### What you need to do
Please print, exactly, only the lines in the entries below from the line that has "Men's neckties. Varied" through the line that has "Ski-VM: Dag 61.". Pictures don't go in.

### Records for the task
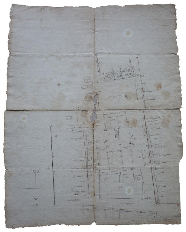 Le départ d’un autre porche semble avoir été dessiné sur le plan de 1798 au niveau de la parcelle n°234 du cadastre de 1833. Entre 1833 et 1856, la façade a été rectifiée pour s’aligner avec les deux maisons précédentes au nord.
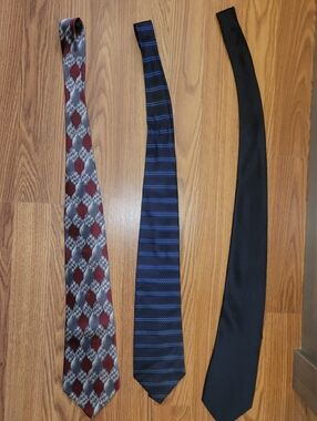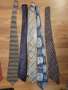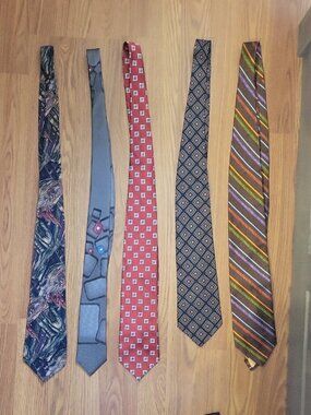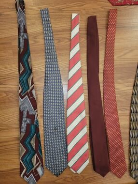Men's neckties. Varied patterns including abstract, geometric, and stripes. Colors feature red, gray, navy, brown, green, purple and gold accents. Classic woven silk appearance. Great for mixing with suits and blazers and perfect for anyone with an office job.
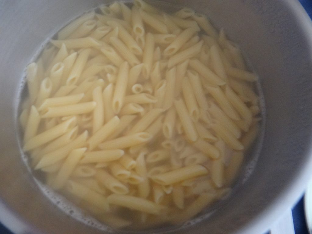 Se pone en el fuego una cacerola con 2 l. de agua fría y cuando comience a hervir se echa ½ g. de sal gorda y se mezcla con el agua, se añaden poco a poco 400 g. de macarrones, moviéndolos despacio para que floten en el agua, se dejan hervir durante 20 minutos, hasta que estén al dente (tiernos y que al morderlos ofrezcan una suave resistencia), se retiran del fuego y se les quita el agua dejándolos escurrir.
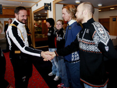 Ski-VM: Dag 61. mars: Kronprins Haakon ser 15-kilometer klassisk for herrer i Kollen. Om ettermiddagen besøker Kongeparet og Kronprinsen de norske deltakere på Soria Moria, der mange av dem bor under mesterskapet. Hilser her på Tord Asle Gjerdalen (.Foto: Lise Åserud / Scanpix) -
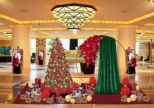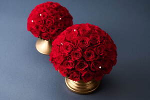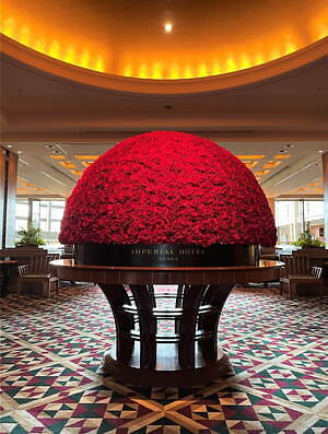 クリスマスシーズンならではの特別な装飾も要チェック。1階の宴会ロビーには、デコラティブなゴールドリースとともに、赤いバラのプリザーブドフラワーを飾り付けたクリスマスツリーを設置。2階のメインロビーでは、「永遠」の花言葉を持つ1001本の赤いバラのプリザーブドフラワーで仕上げたドーム型の装飾を用意する。

### Answer for the task
Men's neckties. Varied patterns including abstract, geometric, and stripes. Colors feature red, gray, navy, brown, green, purple and gold accents. Classic woven silk appearance. Great for mixing with suits and blazers and perfect for anyone with an office job.
 Se pone en el fuego una cacerola con 2 l. de agua fría y cuando comience a hervir se echa ½ g. de sal gorda y se mezcla con el agua, se añaden poco a poco 400 g. de macarrones, moviéndolos despacio para que floten en el agua, se dejan hervir durante 20 minutos, hasta que estén al dente (tiernos y que al morderlos ofrezcan una suave resistencia), se retiran del fuego y se les quita el agua dejándolos escurrir.
 Ski-VM: Dag 61. mars: Kronprins Haakon ser 15-kilometer klassisk for herrer i Kollen. Om ettermiddagen besøker Kongeparet og Kronprinsen de norske deltakere på Soria Moria, der mange av dem bor under mesterskapet. Hilser her på Tord Asle Gjerdalen (.Foto: Lise Åserud / Scanpix) -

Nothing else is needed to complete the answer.